A tangled web of Racket Web programs

Topics/tags: Code camps, Racket, The Joy of Code, technical, disjoint [1]

Over the next week, we are putting together the final details for the third of three summer 2018 code camps. In this camp, we are focusing on language and code. I’ve already written about the overall structure of the camp. Now, I’m trying to put things together to make sure that my research students have an appropriate framework from which to build things.

The two primary languages we’ll be using in code camp are HTML, a markup language for the World-Wide Web, and Racket, a programming language that follows the intellectual heritage of Lisp and Scheme.

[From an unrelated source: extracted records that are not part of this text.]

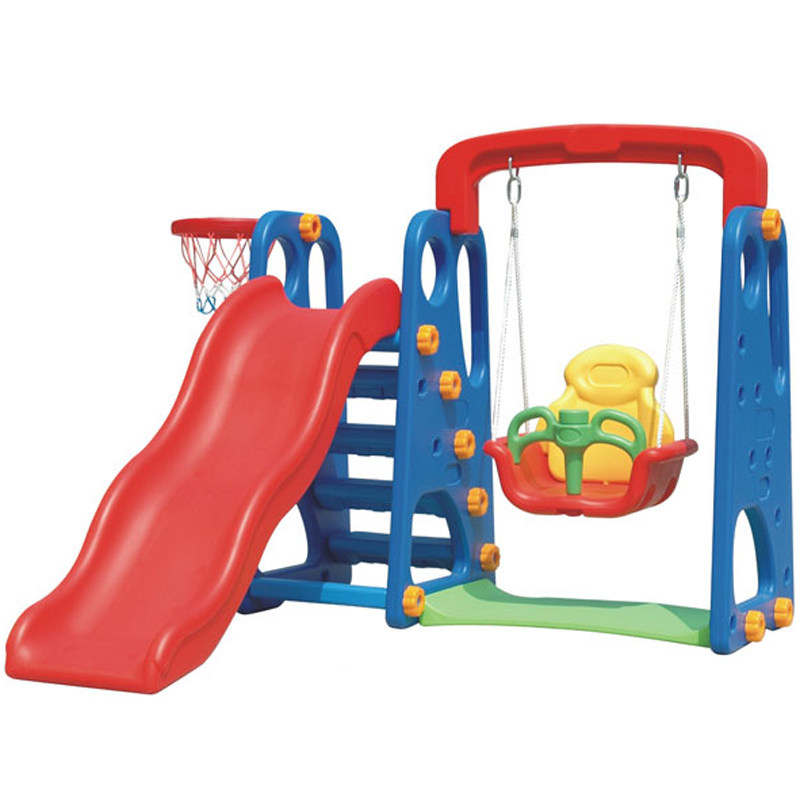 - Đồ chơi dành cho trẻ có bóng rổ, cầu trượt và xích đu an toàn
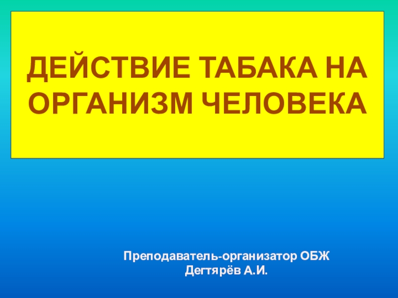 ДЕЙСТВИЕ ТАБАКА НА ОРГАНИЗМ ЧЕЛОВЕКАПреподаватель-организатор ОБЖДегтярёв А.И.
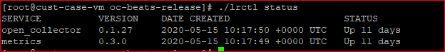 CODE./lrctl statusYou should see the open_collector and metrics as shown in the following graphic:
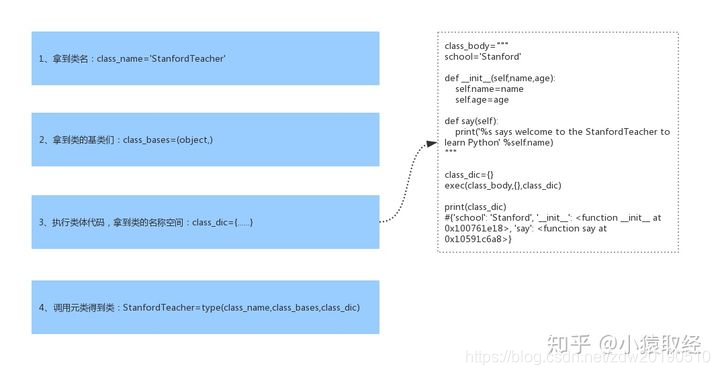 如果一切皆为对象,那么类StanfordTeacher本质也是一个对象,既然所有的对象都是调用类得到的,那么StanfordTeacher必然也是调用了一个类得到的,这个类称为元类。
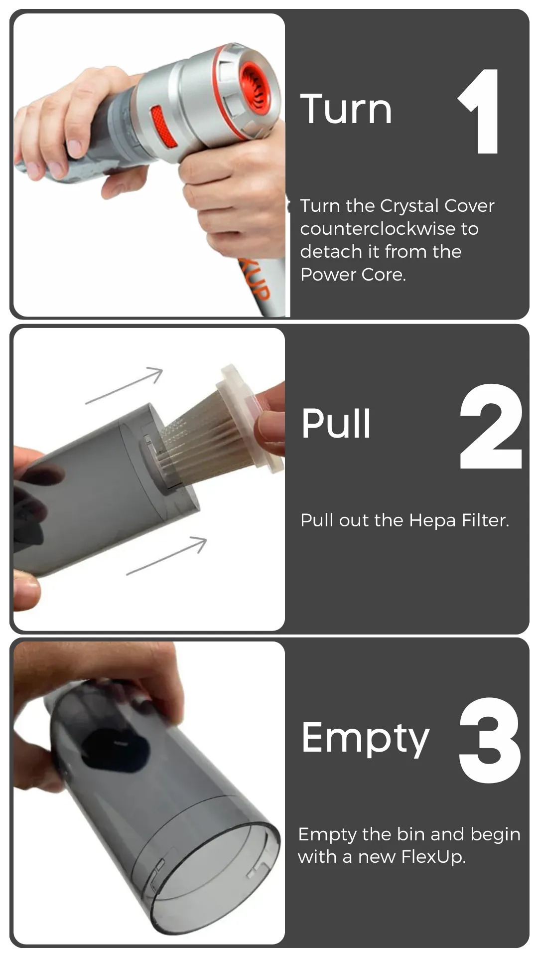 The FlexUp vacuum is easy to clean and maintain. Its removable dustbin and washable filter make it simple to clean out any collected debris or dust.
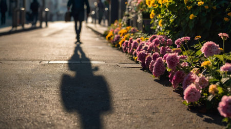 Cityscape Blossoms: Delicate Petals Dance on the Wind, Creating a Serene and Magical Scene
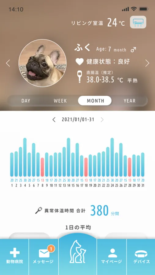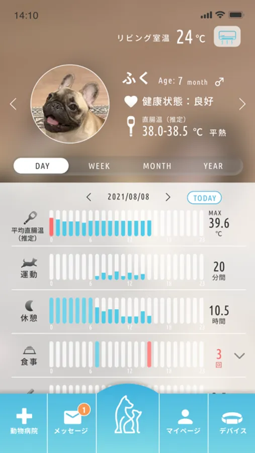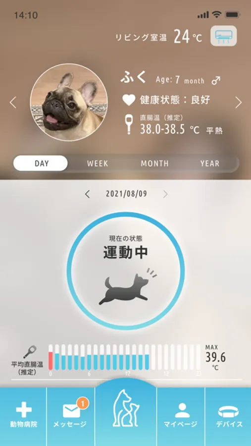 専用デバイスには、スマホと同スペックの高精度9軸センサーを採用。トイレ、食事、水飲みなどの回数、活動量をチェック。また日本で初めて温度センサーを内蔵して直腸温を推定。いつでもアプリで見ることができます。
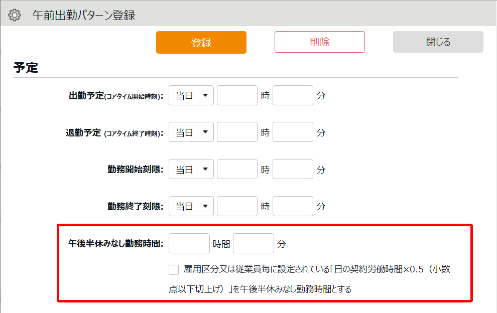 2. 設定 > スケジュール > パターン設定 > 勤務パターン(「通常勤務」など)の[編集] > 半日勤務カテゴリ > 午前出勤パターン登録の[設定] > 午後半休みなし勤務時間を入力します。
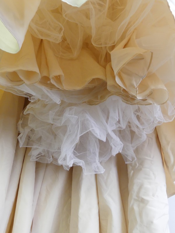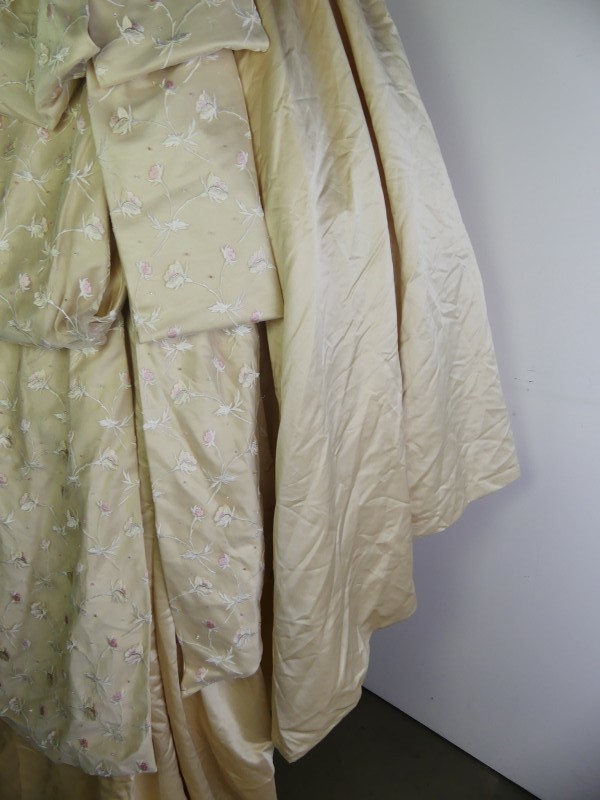 Aan de achterkant heeft de jurk een open rug en een 3-laagsz tournure van de hoofdstof en tule met bloemrijke borduursels.
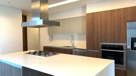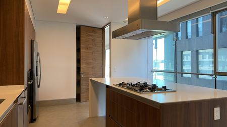 - Cocina cerrada: Diseñada con acabados de mármol y madera, equipada con cocina integral italiana, despensa amplia y línea blanca alemana.
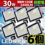 人感センサーライト LED投光器 30W 6個セット 300W相当 防水 防雨 昼光色 3mコード付 防犯 作業灯 駐車場灯 屋外 照明 A42SCSET6
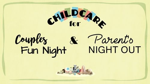 Whether you are attending the Couples Fun Night or want a Parent's Night Out with your spouse or friends, we are providing childcare for children ages Birth-6th grade. They will have dinner, watch a movie and have fun playing. The cost is $5 per child and includes dinner.
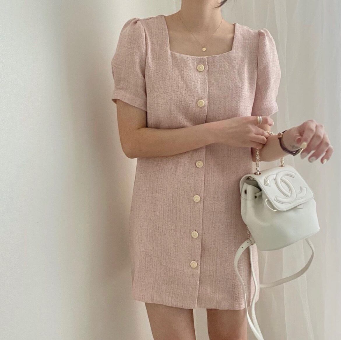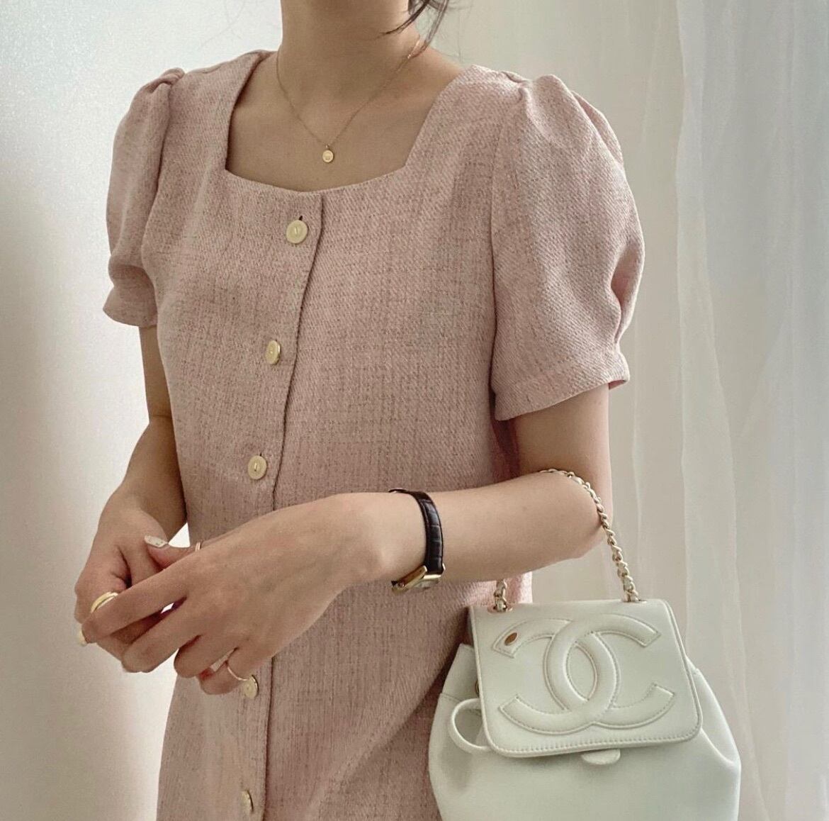 サマーカラーツィードスリーブドレス ショートスカート レディース 夏物 スクウェア 5/3 春夏 SS Neploe mi4664639987617

I’m starting to explore the interaction between the two. In some sense, the relationship is clear: an HTML document is a nested expression [3] which makes it natural to represent it as an s-expression, the basic data type of Racket [4]. Racket provides a lot of infrastructure for working on the Web. There’s a nice Web server, as well as a library for parsing HTML into s-expressions, a library for converting s-expressions into HTML, a library for working with URLs, and much, much more.

But, well, there are problems in imposing all of these libraries on novices, particularly novice middle-school students. Many of the libraries assume that you understand a wide variety of Scheme concepts, such as structures and back-quoted expressions. There’s also the issue that since different people wrote different libraries, they have somewhat different interpretations of what the s-expressions should look like. For example, the HTML parsing library represents the parameters to a tag as a list that starts with @ and contains the remaining name/value lists. In contrast, the Web server expects the parameters to be represented as a list of lists. The SXPath library for searching and the SXSLT library for transforming pages seem to prefer the form used by the parser. That form is called SXML/xexp.

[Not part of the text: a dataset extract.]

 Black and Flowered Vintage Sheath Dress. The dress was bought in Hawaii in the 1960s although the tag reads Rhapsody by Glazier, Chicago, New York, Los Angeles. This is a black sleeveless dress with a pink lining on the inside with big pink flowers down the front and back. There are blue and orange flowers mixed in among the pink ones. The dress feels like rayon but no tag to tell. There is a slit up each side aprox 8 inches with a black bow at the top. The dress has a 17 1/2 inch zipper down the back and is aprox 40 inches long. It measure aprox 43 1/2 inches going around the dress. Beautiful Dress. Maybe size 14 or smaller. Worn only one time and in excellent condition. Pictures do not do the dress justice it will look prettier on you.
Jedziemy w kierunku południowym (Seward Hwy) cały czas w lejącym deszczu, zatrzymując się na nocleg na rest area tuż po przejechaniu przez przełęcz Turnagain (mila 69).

So I’m writing a wrapper library.

What do we want our students to be able to do? Let’s see …

Write procedures that generate SXML/xexp expressions and have them appear as Web pages.
Create and process forms for interactive pages.
Fetch Web pages and see them as SXML/xexp expressions.
Extract plain text from SXML/xexp expressions. That way, we can have them do some of the plain text analysis on what they’ve fetched (e.g., determine the most frequent words or pairs).
Extract portions of SXML/sexp expressions. That may be the first step in doing some other kinds of analysis.
Transform SXML/sexp expressions. More precisely, write programs that read Web pages and make new Web pages.

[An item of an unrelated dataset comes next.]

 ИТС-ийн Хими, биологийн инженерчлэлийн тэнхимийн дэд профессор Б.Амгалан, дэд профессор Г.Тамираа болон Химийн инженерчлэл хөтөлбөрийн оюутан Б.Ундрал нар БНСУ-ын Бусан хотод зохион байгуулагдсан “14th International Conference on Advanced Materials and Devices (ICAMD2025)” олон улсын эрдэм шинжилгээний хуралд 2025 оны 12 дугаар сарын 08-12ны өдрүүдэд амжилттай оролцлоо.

I think that’s enough for now. There’s a separate list for text manipulation, but I’ll leave that for another musing.

Serving Web pages

While the Racket Web server provides tools for serving Web pages, it’s one of those things that I feel is too advanced for our students. So, let me think about what I’d like them to be able to do.

Pair a path (such as index.html) and a procedure for generating a page.
Pair a path (such as style.css) and a string that corresponds to the contents of the page.
Pair a path (such as static.html) and a file that stores the page.
Start the server.

In some ways, the Web server URL-based dispatch is designed to handle those first kinds of activities. I could use that behind the scenes. Or I could just use a hash table. So that it’s easier for my research students to understand, I’m going to try the latter rather than the former [5].

Let’s see …

We’ll call the first procedure (serve-procedure path proc).
We’ll call the second procedure (serve-string path str type).
We’ll call the third procedure (serve-file path filename).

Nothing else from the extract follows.